[MATERIAL SUPPLIED — start]
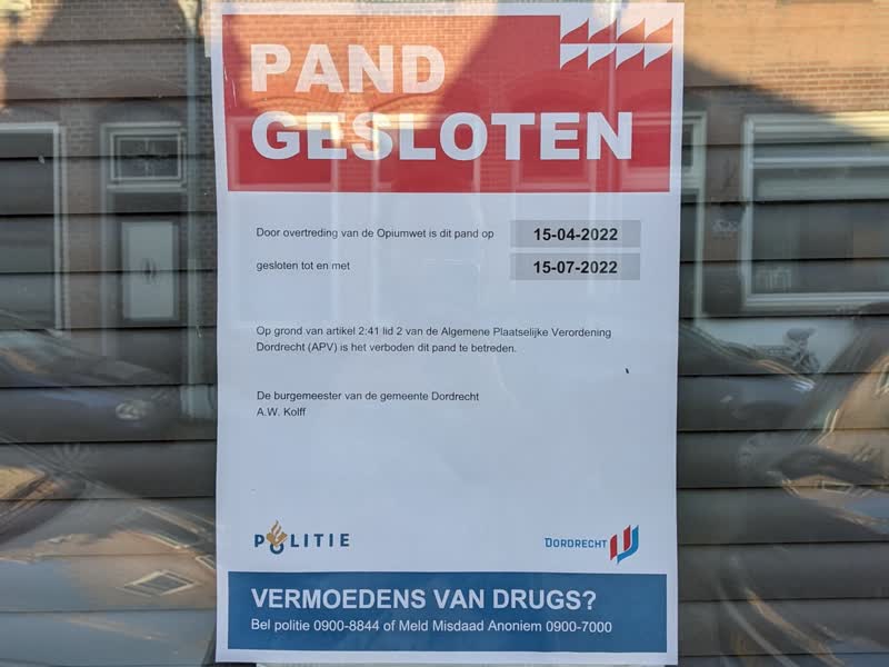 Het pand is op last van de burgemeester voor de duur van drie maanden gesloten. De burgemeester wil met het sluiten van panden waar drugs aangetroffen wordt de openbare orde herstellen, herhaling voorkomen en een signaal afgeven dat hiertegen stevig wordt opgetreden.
[MATERIAL SUPPLIED — finish]
[MATERIAL SUPPLIED — start]
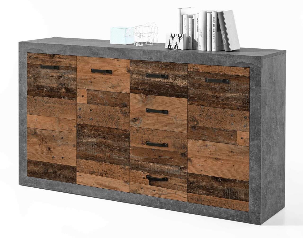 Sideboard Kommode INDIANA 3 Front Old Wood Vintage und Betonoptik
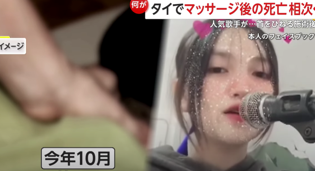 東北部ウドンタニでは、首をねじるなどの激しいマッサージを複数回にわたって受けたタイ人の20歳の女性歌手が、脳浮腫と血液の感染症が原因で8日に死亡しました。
[MATERIAL SUPPLIED — finish]
YOUR ASSIGNMENT —
The stretch above running from the line with "Sideboard Kommode INDIANA" through the line with "東北部ウドンタニでは、首をね" is all you should copy, exactly, leaving out the pictures.

WRITTEN RESPONSE —
 Sideboard Kommode INDIANA 3 Front Old Wood Vintage und Betonoptik
 東北部ウドンタニでは、首をねじるなどの激しいマッサージを複数回にわたって受けたタイ人の20歳の女性歌手が、脳浮腫と血液の感染症が原因で8日に死亡しました。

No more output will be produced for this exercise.